I don't think it's worth it for most people, since it lowers your available credit. Having credit available to you is a financial asset. By using these strategies you get cash out of the asset but lose future potential credit. Don't underestimate how valuable credit can be. I would only suggest even THINKING about this if you already have at least $20,000 in savings and investments available for immediate withdrawal at any time.

3/02/2006 11:31 PM  
Anonymous Tim said...

Any drop in your credit score from getting a new card is temporary. A lot of people worry about this...but it's really not a big deal unless you carry a lot of debt on a credit card that charges interest based on a frequently updated credit score. Anyway, best of luck to ya with that. Be careful card companies are sneaky.

3/02/2006 11:51 PM  
Blogger Nick said...

As Tim mentions, the credit score drop for getting a new card is temporary, and you'll recover from it pretty quickly. What you won't recover from quickly is the drop due to your high card utilization. Since you'll only be paying back the minimum each month (I'm guessing 2%), you'll be at over 80% utilization on that card for the entire 0% APY period. If you're planning to play the 0% balance transfer game, just make sure you don't actually need credit for the entire time you're playing (plus a few months to be safe).

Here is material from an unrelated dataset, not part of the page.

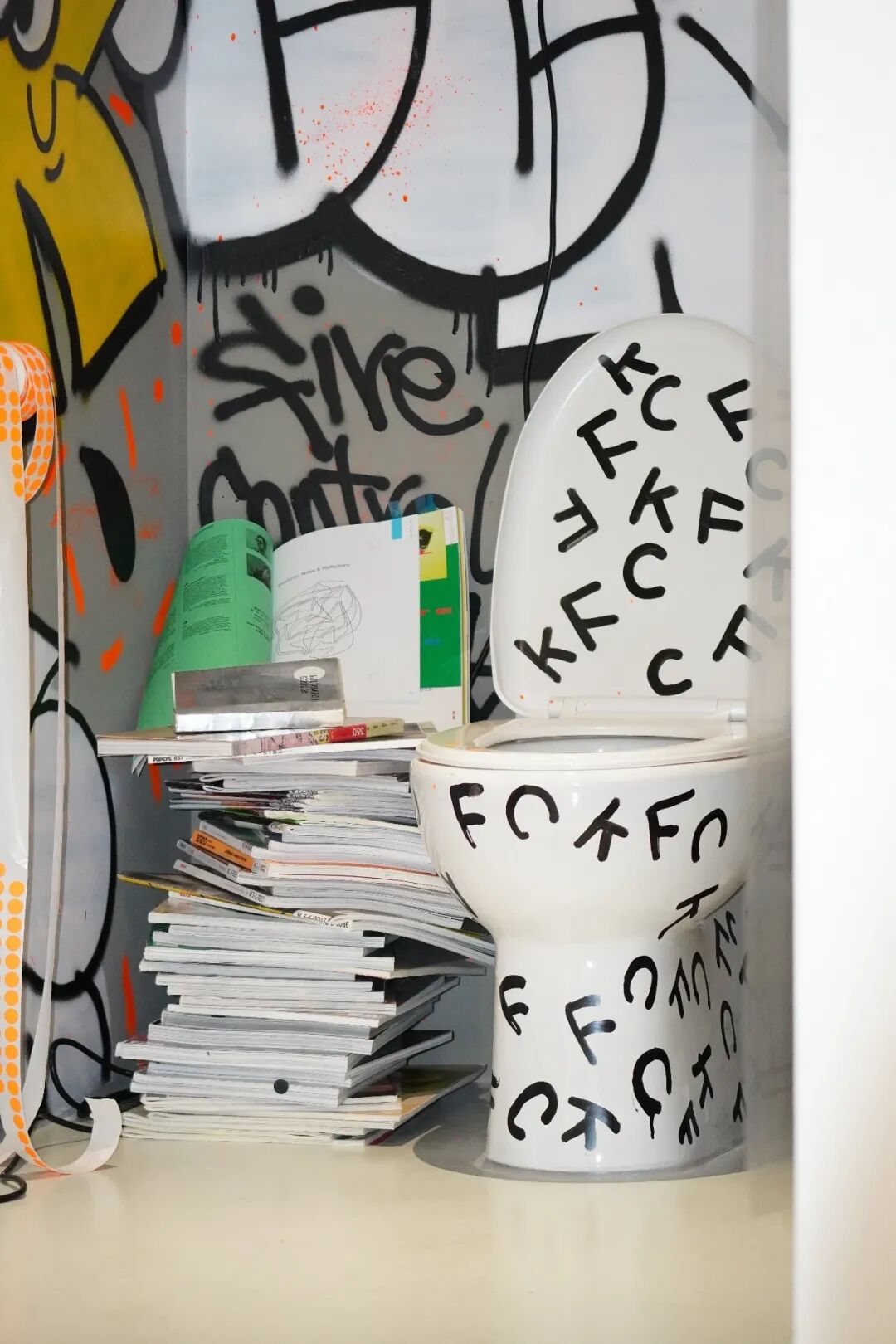 这是全场的一个“彩蛋”,《杂志,就这样》结合现场装置,搭建了一个“杂厕所志”的小型空间场景,邀请自由插画艺术家FCCK在现场创作了涂鸦作品,让“杂厕所志”传递出一种态度,为参观者带来了颇具当代艺术效果的视觉和知觉体验,让展览本身显得妙趣横生,富于玩味。

As Stacy mentions, if you have more cards, that will help offset this. Or you can just go for broke, get a BUNCH of 0% balance transfers on several cards at the same time, and watch your credit score plummet to about 9 for a year or so!

3/03/2006 9:16 AM  
Anonymous Debt Hater said...

I've read about this too. I'm in too much cc debt to try it, but it still doesn't sound like it's worth it. Even if you put $10G in a high interest account at 4.25%, in a year you wouldn't accumlate the full $425 because you'd have to make minimum payments the whole time -- essentially just giving the money back little by little, decreasing the amount you have to draw interest from. It doesn't seem worth the hit on your credit score.

3/03/2006 6:54 PM  
Blogger RS said...

See why this is so many opinions on both sides of the fence here. Sounds like it is not as easy as I thought it would be, I will have to consider this a little longer.

3/04/2006 12:26 AM  
Anonymous CreditOwner said...

Basically you are right, but you have to watch out your credit score (as u know it influences many sides of ur life, as auto and home insurance and even your work status) and watch the card limit!!!